My mother grew up in Dublin
during the ‘troubles’ after World War 1 as Ireland fought its way to
independence. And the ‘troubles’ have been around in Northern Ireland ever
since as Catholics and Protestants have searched for a way to live in peace
together and equitably. I
In recent years there has
been a dramatic reduction in violence and death. Suspicions and
reservations still run very deep but an overwhelming majority of the people
in Northern Ireland want peace to continue and there is little appetite for
a return to violence. This has been helped considerably by the economic
boom in the South and the increase of profitable joint enterprises. There
is a proliferation of men and women on all sides, individually or in
groups, who are working for reconciliation often very quietly and after
immense suffering. More than ever there is a reaching out to the other,
with clergy on both sides praying for the other and working together.
Attitudes from the past which were thought
unchangeable have responded to the war weariness of the province as new
ways to end conflict are being pursued.
Quite apart from the results of the recent
elections, I rest my hope of the end of the ‘troubles’ on two specific
counts – the dramatic change of attitude by Sinn Fein to the police and
something that happened or didn’t happen at a recent rugby match.
My family served for three generations in the
Royal Ulster Constabulary. My great, great, great grandfather was the
Inspector General of the Munster Constabulary and has been described as one
of the founders of modern policing. I am proud of the fact that he was
knighted for his service to the Crown. Perhaps I shouldn’t be. He helped
thwart an important nationalist uprising and I am very well aware of the
terrible things my country did in Ireland over several centuries, the way
we used Ireland for our convenience, beginning with the planting of
Protestant colonists in a Gaelic Catholic Ireland. ‘Who can doubt,’ as
Donald Shriver writes, ‘that the apology of Prime Minister Tony Blair for
British irresponsibility in the 1840s over the Irish Famine was another
increment of the healing of memories between the two peoples. Shriver has
described the Irish as possibly rivalling the peoples of the Balkans as
‘the world’s superspecialists in memory’.

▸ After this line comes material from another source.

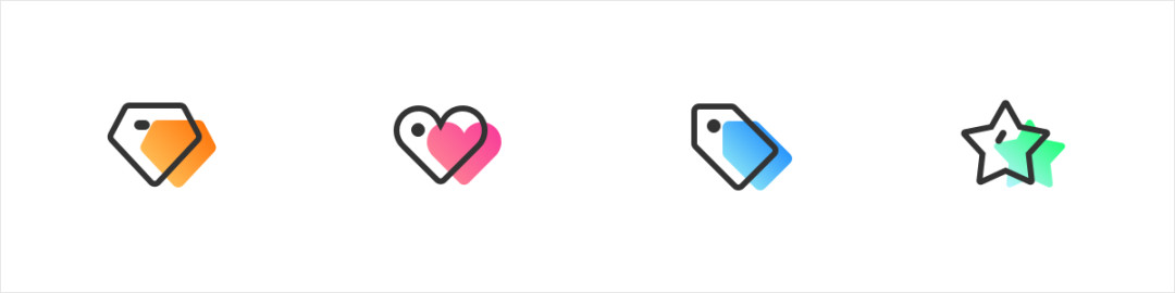 整体的效果与透明度变化的图标较为接近,通过渐变的深浅变化,使得形状的衔接处出现了明暗对比,因此图标也具有了厚度感和层次感。

It was exciting in January 2007 was to see
Gerry Adams make what one commentator said was ‘the most important speech
of his political career’ when he directed Sinn Fein, the party he heads, to
support the policing and justice services the Provisional IRA had spent 40
years trying to destroy. Four years earlier another psychological
police-related building block was laid, this time by Protestants when,
under the terms of the Good Friday agreement, the Royal Irish Constabulary
was renamed the Police Service of Northern Ireland. The baggage of the past
was being shed. Even as someone whose family is long removed from the Irish
scene I can still sense the psychological importance of such change. My
affection for the old names and uniforms underlines for me how difficult it
has been for present day Irish nationalists to have anything to do with the
Police Service of Northern Ireland just as it has been hard for many
Protestants in the North to see that rather dull name replace the Royal
Ulster Constabulary.
Paddy Joe McClean, with a history of five years
internment without trial, being elected Secretary of the Internees Camp
Council at Long Kesh prison camp, and Chairman of the Northern Ireland
Civil Rights Association, is now Vice-Chairman of the Omagh District
Policing Partnership Board. As such he is entitled to go into any police
station at any time to check on conditions and what those detained – and
the police – feel. In recent unannounced visits to two stations in County
Tyrone he found that the officers in charge were, in each case, Catholics
from the Republic. ‘With your background do you encounter any difficulties
in carrying out your duties with the public?’ he asked each of them. ‘No
difficulties at all, we find everything far better than we expected,’ was
their reply. Such a situation would have been unthinkable just a few years
ago.
But let me come to the rugby match.
Croke Park in Dublin is the home of the Gaelic Athletic
Association which has been defined by its hatred of the British. You
couldn’t play Gaelic sports if you played soccer or rugby or if you were a
policeman. Croke Park is also the site of the first Irish ‘Bloody Sunday’
where British auxiliary police fired on the crowd in 1920 killing 12 people
with two others trampled to death, in retaliation for the murder that
morning of 12 British agents in their beds. It is a nationalist shrine. And
at the end of February rugby was played for the first time at Croke Park
and the match was Ireland (including Northern Ireland) against England.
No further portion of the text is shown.